On September 13, 2012, in conjunction with the Merger Agreement above, Red Fox Management, LP (“Buyer”), a new entity formed by affiliates of Kohlberg Kravis Roberts & Co. L.P., Beecken Petty O’Keefe & Company and Coastwood Senior Housing Partners LLC, entered into a Membership Interest Purchase Agreement (the “Management Business Sale Agreement”) with SSLI and Holdco to acquire SSLI’s management business for approximately $130,000,000. HCN will also acquire a 20% interest in the Buyer. Pursuant to the Management Business Sale Agreement, Holdco (which, immediately following the Holding Company Merger, will be the sole member of the Management Business LLC) will sell the Management Business LLC to the Buyer (or a wholly owned subsidiary of the Buyer) immediately following the completion of the Holding Company Merger and the Reorganization and immediately prior to the completion of the Merger.
The Management Business Sale Agreement provides that it will automatically terminate upon the termination of the Merger Agreement and provides for certain other termination rights for both SSLI and the Buyer. The consummation of the Management Business Sale is conditioned on the satisfaction or waiver of customary closing conditions, including (1) expiration or termination of applicable waiting periods for the Management Business Sale under the Hart Scott Rodino Act; (2) receipt of certain state approvals; and (3) completion of the Reorganization by Sunrise in all material respects.
On October 1, 2012, SSLII purchased HVP’s interest in the MSH Companies and HVPII’s interest in the HBLR Companies. The purchase price for the acquisition was approximately $171,000,000. Following the closing of these purchases, SSLII owns 100% of the equity interests in the MSH Companies and the HBLR Companies. The acquisitions were made pursuant to Purchase and Sale Agreements, dated as of August 21, 2012, between SSLII, HVP and HVPII.
As part of the October 1, 2012 transactions, SSLII entered into a credit agreement with HCN in the amount of $365,000,000 with principal payments that bear interest at the average of the one-month London InterBank Offered Rate plus 5.0%. The credit agreement matures on December 31, 2013. The credit agreement with HCN allowed for SSLII to purchase the HBLR Companies’ equity interests of approximately $53,000,000. The remaining $312,000,000 was for SSLII to pay off the MSH Companies’ loan and purchase the MSH Companies’ equity interests.

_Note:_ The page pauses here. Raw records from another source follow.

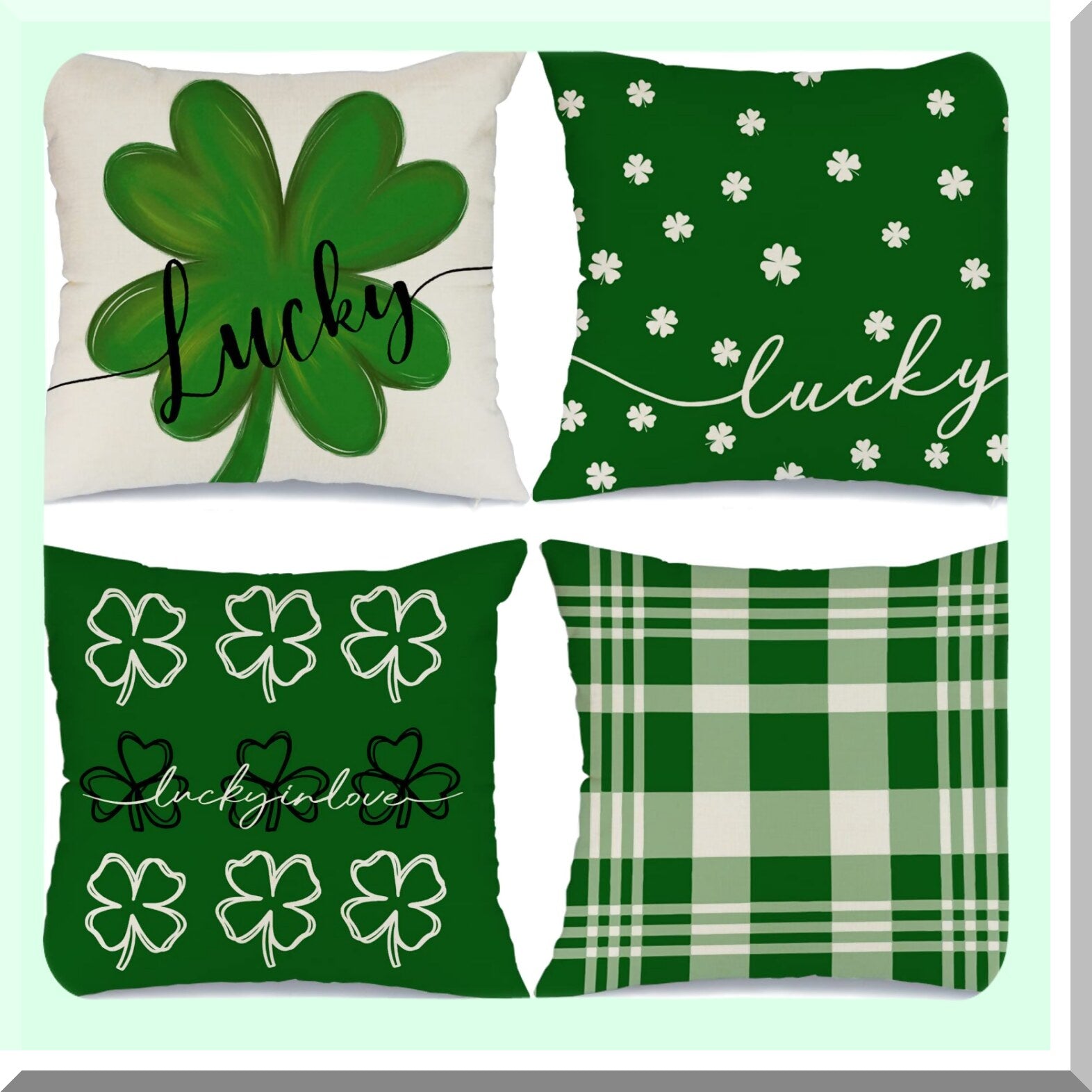 Lucky Clover Farmhouse Pillow Set - St Patricks Day Decor Bundle with Buffalo Plaid Shamrock Throw Pillows - Home Decorative Cushion Covers 18x18 - 4 Pack St Patricks Day Decorations
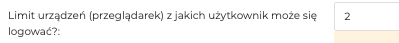 - Limit urządzeń (przeglądarek) z jakich użytkownik może się logować? – Jest to zabezpieczenie przed rozpowszechnianiem danych do logowania. Po przekroczeniu limitu i próbie zalogowania z nowego urządzenia zostanie wysłany na e-mail użytkownika link z listą używanych urządzeń i możliwością ich usunięcia aby móc się zalogować z nowego! 0 = wyłączenie funkcji. Dla administratorów nie ma limitu urządzeń.
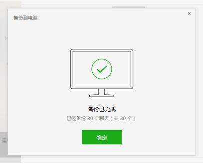 第四步:確認備份文件后,微信開始備份聊天記錄。備份完成后電腦端和設備端均會提示備份已完成。
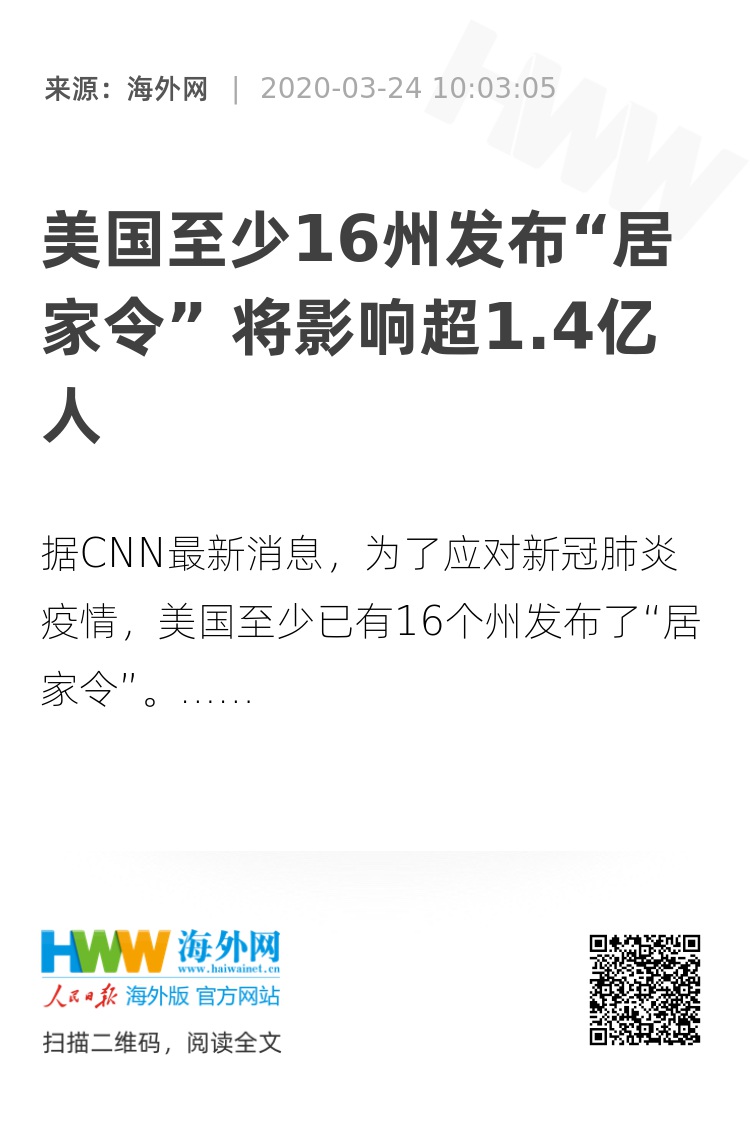 【海外网3月24日|战疫全时区】据CNN最新消息,为了应对新冠肺炎疫情,美国至少已有16个州发布了“居家令”(stay-at-home order)。目前已经发布并生效的“居家令”已经使得全美超过1.005亿人的出行受到限制,约占全国人口的31%。当16个州的“居家令”全部生效时,将影响超1.42亿人,占全美人口的43%。
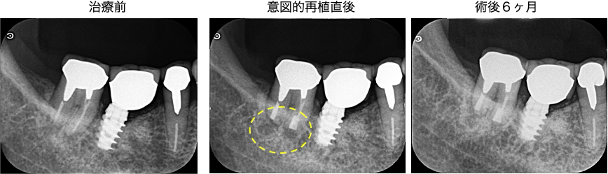意図的再植術は外科的歯内療法のひとつで、一般的には根管治療で治らない場合に行われる処置です。しかし、今回のように状況によっては、初めから意図的再植術を行うことが適応となる場合もあります。幸いにも、抜いた歯を精査したところクラック(歯の破折)がなかったことから、問題なく治療を終えることができました。術後6ヶ月時点で治癒傾向を認め、歯の同様も痛みの症状もなく経過良好です。このままできるだけ長く、健康な歯を維持できることを祈っています。

Pursuant to the transaction, $194,752,664 was disbursed to pay off the MSH Companies’ loans with Berkadia which is inclusive of principals, interests, fees, and other expenses.
On October 1, 2012, in connection with the closing, HVP, HVPII and SSLII entered into mutual releases of all claims arising in connection with the ownership and operation of the MSH and HBLR Facilities and the MSH Companies and the HBLR Companies, subject to certain customary carve-outs.
The Companies reviewed subsequent events through December 6, 2012, the date the combined financial statements were issued.